> EXERCISE DIRECTIONS:
Begin at the top of the records below and return each line exactly through the line with "جمهوری اسلامی ، چهارشنبه ۲۳ شهريور". Skip pictures.

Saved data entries
**********

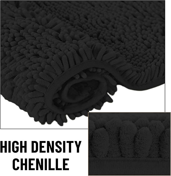 Softstep Premium Luxury Bathroom Rugs 36 x 24, Extra Soft Absorbent Bath Mat, Quick Dry Bath Rugs, Chenille Machine Washable Non-Slip Carpet, Mats For Tub & Shower, Home Decor Accessories, Plush Black
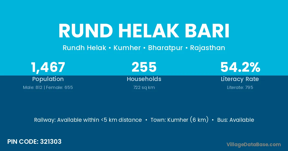 Kumher (6 km) is the nearest town to Rund Helak Bari village for major economic activities and is located approximately 6 km away.
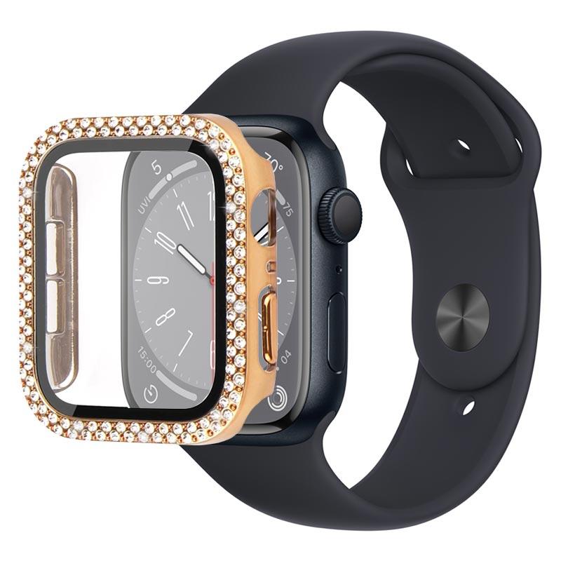 Strass Dekorativa Skal med Härdat Glas Skärmskydd till Apple Watch Series 9, Apple Watch Series 8, Apple Watch Series 7
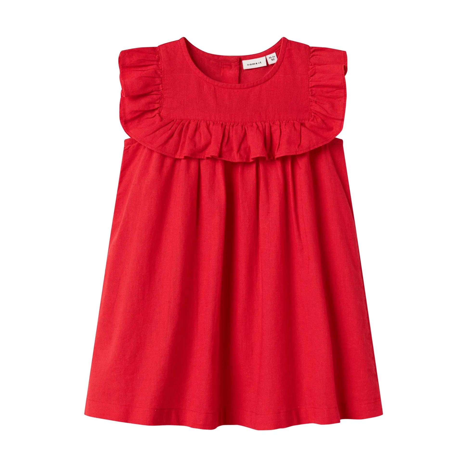 Das Kleid von name it ist ein sommerlich-leichtes Lieblingsstück mit klassischem Schnitt und verspieltem Volant. In kräftigem Rot und aus einem angenehmen Baumwoll-Leinen-Mix gefertigt, sorgt es für ein luftiges Tragegefühl – ideal für warme Tage. Dank der Knopfleiste im Nacken lässt sich das Kleid ganz einfach an- und ausziehen.
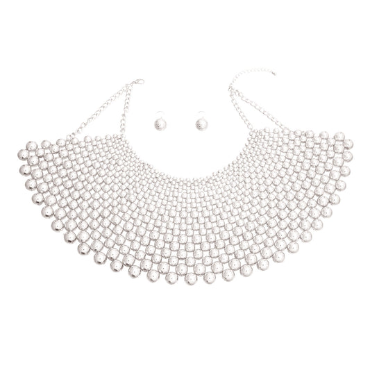 Silver Metallic Pearl Bib Necklace SetRegular price $ 52.99 USDRegular priceUnit price / per-
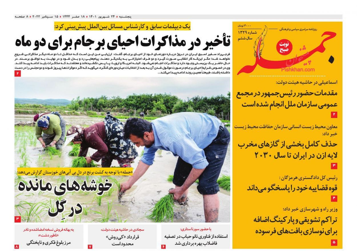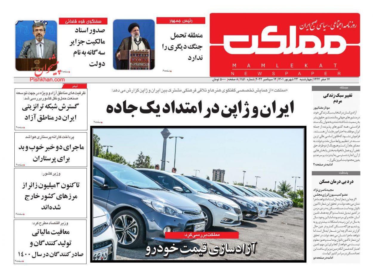 جمهوری اسلامی ، چهارشنبه ۲۳ شهريور
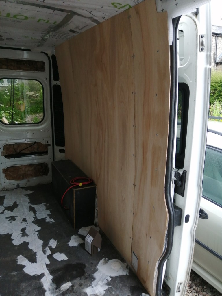 Now the van is insulated it’s time to make it look less like a van and more like somewhere you can live. Our first job was cutting and attaching thin sheets of plywood to the wall. We’re a little undecided whether to paint them or just varnish, so for now we’ve been as regular as possible with the screws to keep it looking tidy if we go with varnish. There are some some gaps between the boards, which will need filling. The one patch of wall we’ve left is the bathroom, which will need something more waterproof to line it.
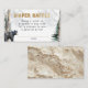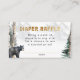 Encourage guests to bring a pack of diapers with this matching adventure-themed raffle card. Designed with a black bear, birch trees, and soft mountain watercolor art over a subtle map texture, it perfectly coordinates with the invitation and other items in the collection. Personalise the name line and create a cohesive, nature-inspired baby shower experience.

**********

> SOLVED PROBLEM:
 Softstep Premium Luxury Bathroom Rugs 36 x 24, Extra Soft Absorbent Bath Mat, Quick Dry Bath Rugs, Chenille Machine Washable Non-Slip Carpet, Mats For Tub & Shower, Home Decor Accessories, Plush Black
 Kumher (6 km) is the nearest town to Rund Helak Bari village for major economic activities and is located approximately 6 km away.
 Strass Dekorativa Skal med Härdat Glas Skärmskydd till Apple Watch Series 9, Apple Watch Series 8, Apple Watch Series 7
 Das Kleid von name it ist ein sommerlich-leichtes Lieblingsstück mit klassischem Schnitt und verspieltem Volant. In kräftigem Rot und aus einem angenehmen Baumwoll-Leinen-Mix gefertigt, sorgt es für ein luftiges Tragegefühl – ideal für warme Tage. Dank der Knopfleiste im Nacken lässt sich das Kleid ganz einfach an- und ausziehen.
 Silver Metallic Pearl Bib Necklace SetRegular price $ 52.99 USDRegular priceUnit price / per-
 جمهوری اسلامی ، چهارشنبه ۲۳ شهريور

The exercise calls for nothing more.